**TASK BRIEF**
Having located "關于邀請參加2018年日本國際機床展覽會 (JIMTOF 2018)的通知" in the listing below, write out its line and every following line exactly, last line included, without the pictures.

**PROVIDED DATA**

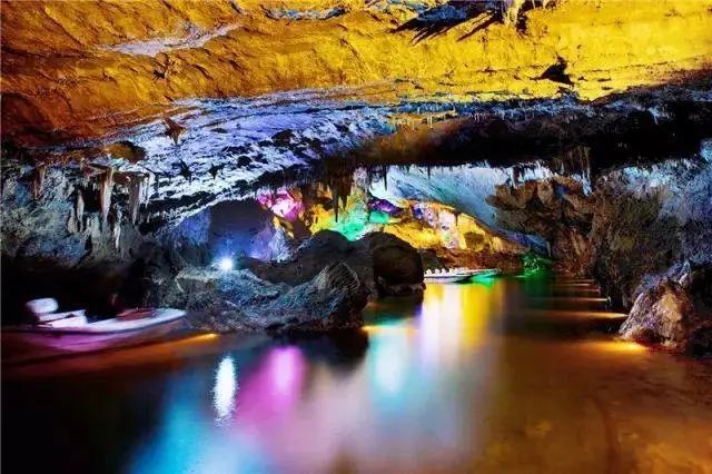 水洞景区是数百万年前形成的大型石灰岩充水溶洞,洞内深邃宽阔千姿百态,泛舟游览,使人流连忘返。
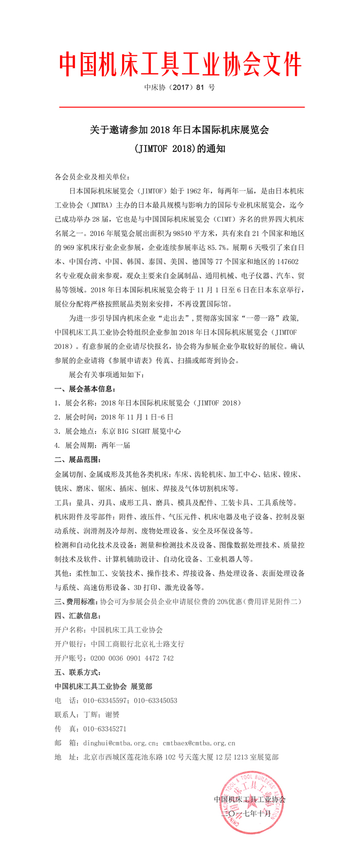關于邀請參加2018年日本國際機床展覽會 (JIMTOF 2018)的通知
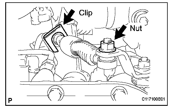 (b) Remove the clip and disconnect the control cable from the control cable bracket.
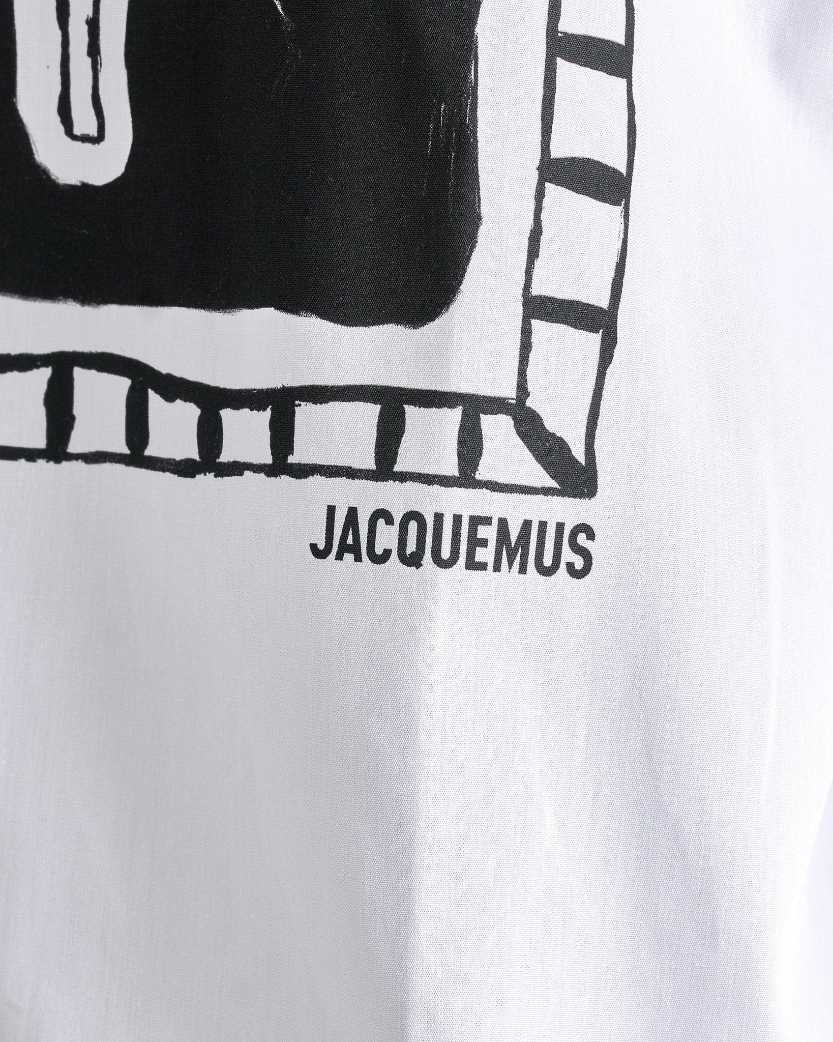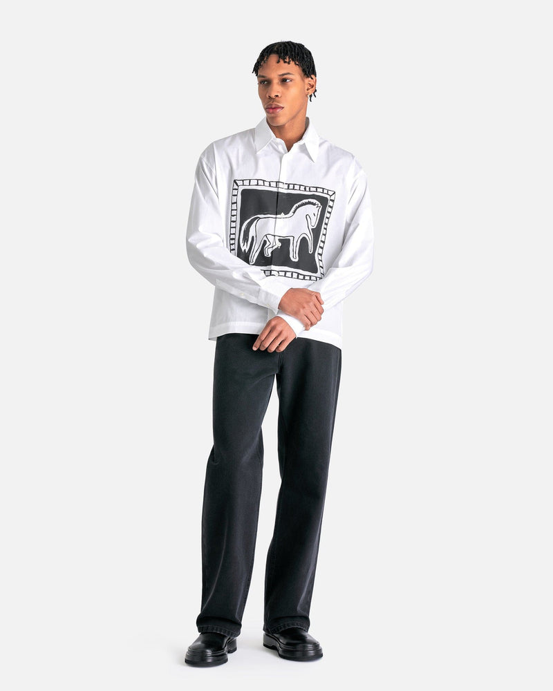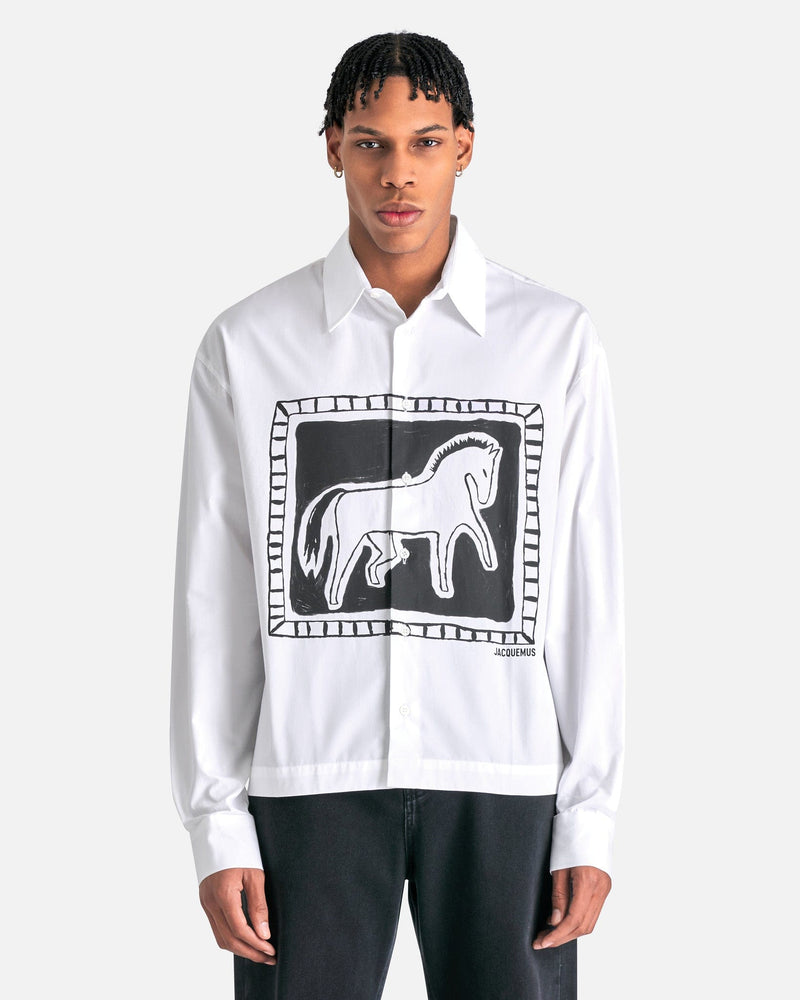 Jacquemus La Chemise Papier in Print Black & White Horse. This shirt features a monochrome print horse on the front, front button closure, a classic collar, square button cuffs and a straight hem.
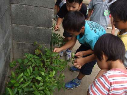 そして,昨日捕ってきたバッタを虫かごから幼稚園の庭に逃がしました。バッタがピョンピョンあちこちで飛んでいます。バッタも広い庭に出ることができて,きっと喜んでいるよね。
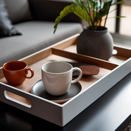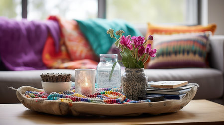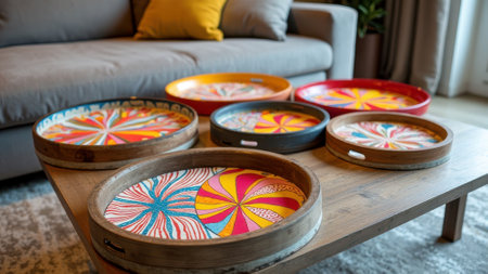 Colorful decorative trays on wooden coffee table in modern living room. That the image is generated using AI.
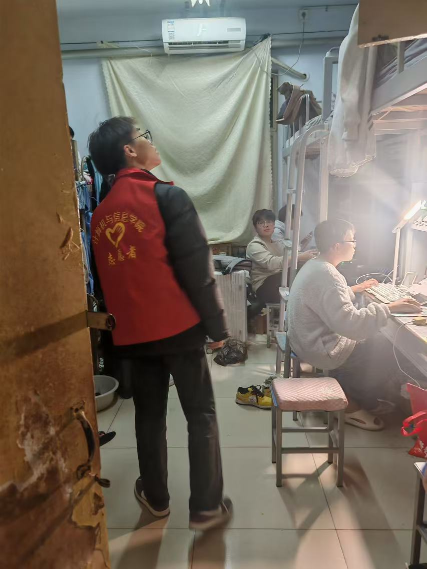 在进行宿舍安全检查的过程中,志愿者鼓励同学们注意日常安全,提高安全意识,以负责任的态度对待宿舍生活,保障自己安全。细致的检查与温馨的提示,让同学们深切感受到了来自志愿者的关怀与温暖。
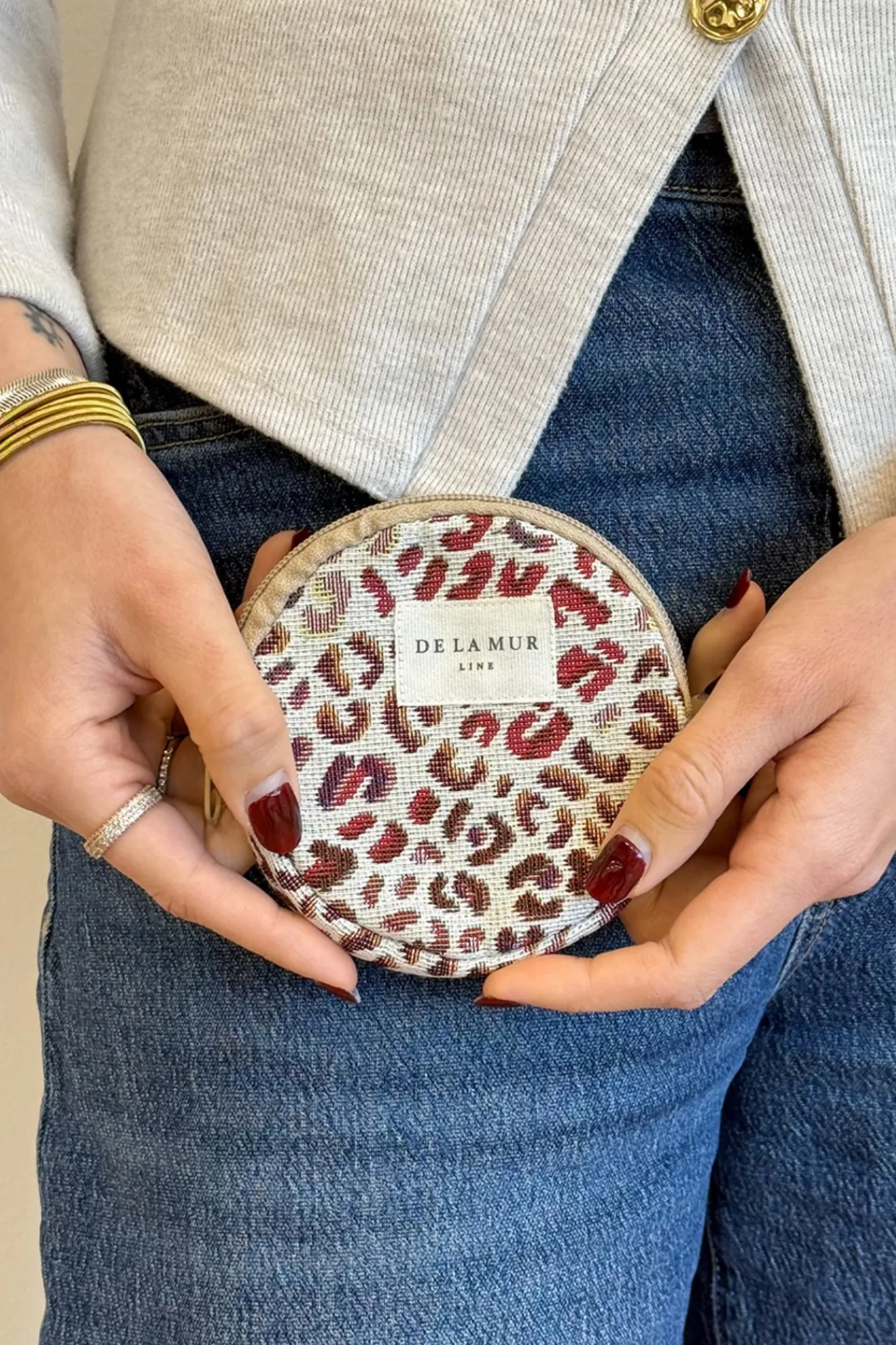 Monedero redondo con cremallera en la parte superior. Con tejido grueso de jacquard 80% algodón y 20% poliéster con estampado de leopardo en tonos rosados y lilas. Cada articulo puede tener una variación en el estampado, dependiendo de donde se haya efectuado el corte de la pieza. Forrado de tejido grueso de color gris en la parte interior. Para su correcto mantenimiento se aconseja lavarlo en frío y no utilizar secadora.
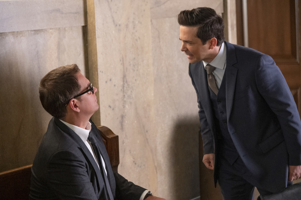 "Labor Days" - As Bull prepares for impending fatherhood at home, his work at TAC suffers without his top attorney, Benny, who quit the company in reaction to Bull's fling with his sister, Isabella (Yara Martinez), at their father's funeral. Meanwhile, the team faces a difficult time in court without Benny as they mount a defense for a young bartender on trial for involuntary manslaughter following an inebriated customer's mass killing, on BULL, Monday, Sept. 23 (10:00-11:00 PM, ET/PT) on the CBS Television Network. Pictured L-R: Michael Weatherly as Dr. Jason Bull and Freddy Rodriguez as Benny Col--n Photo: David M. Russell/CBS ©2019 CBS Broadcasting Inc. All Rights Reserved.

**ANSWER TO THIS EXERCISE**
關于邀請參加2018年日本國際機床展覽會 (JIMTOF 2018)的通知
 (b) Remove the clip and disconnect the control cable from the control cable bracket.
 Jacquemus La Chemise Papier in Print Black & White Horse. This shirt features a monochrome print horse on the front, front button closure, a classic collar, square button cuffs and a straight hem.
 そして,昨日捕ってきたバッタを虫かごから幼稚園の庭に逃がしました。バッタがピョンピョンあちこちで飛んでいます。バッタも広い庭に出ることができて,きっと喜んでいるよね。
 Colorful decorative trays on wooden coffee table in modern living room. That the image is generated using AI.
 在进行宿舍安全检查的过程中,志愿者鼓励同学们注意日常安全,提高安全意识,以负责任的态度对待宿舍生活,保障自己安全。细致的检查与温馨的提示,让同学们深切感受到了来自志愿者的关怀与温暖。
 Monedero redondo con cremallera en la parte superior. Con tejido grueso de jacquard 80% algodón y 20% poliéster con estampado de leopardo en tonos rosados y lilas. Cada articulo puede tener una variación en el estampado, dependiendo de donde se haya efectuado el corte de la pieza. Forrado de tejido grueso de color gris en la parte interior. Para su correcto mantenimiento se aconseja lavarlo en frío y no utilizar secadora.
 "Labor Days" - As Bull prepares for impending fatherhood at home, his work at TAC suffers without his top attorney, Benny, who quit the company in reaction to Bull's fling with his sister, Isabella (Yara Martinez), at their father's funeral. Meanwhile, the team faces a difficult time in court without Benny as they mount a defense for a young bartender on trial for involuntary manslaughter following an inebriated customer's mass killing, on BULL, Monday, Sept. 23 (10:00-11:00 PM, ET/PT) on the CBS Television Network. Pictured L-R: Michael Weatherly as Dr. Jason Bull and Freddy Rodriguez as Benny Col--n Photo: David M. Russell/CBS ©2019 CBS Broadcasting Inc. All Rights Reserved.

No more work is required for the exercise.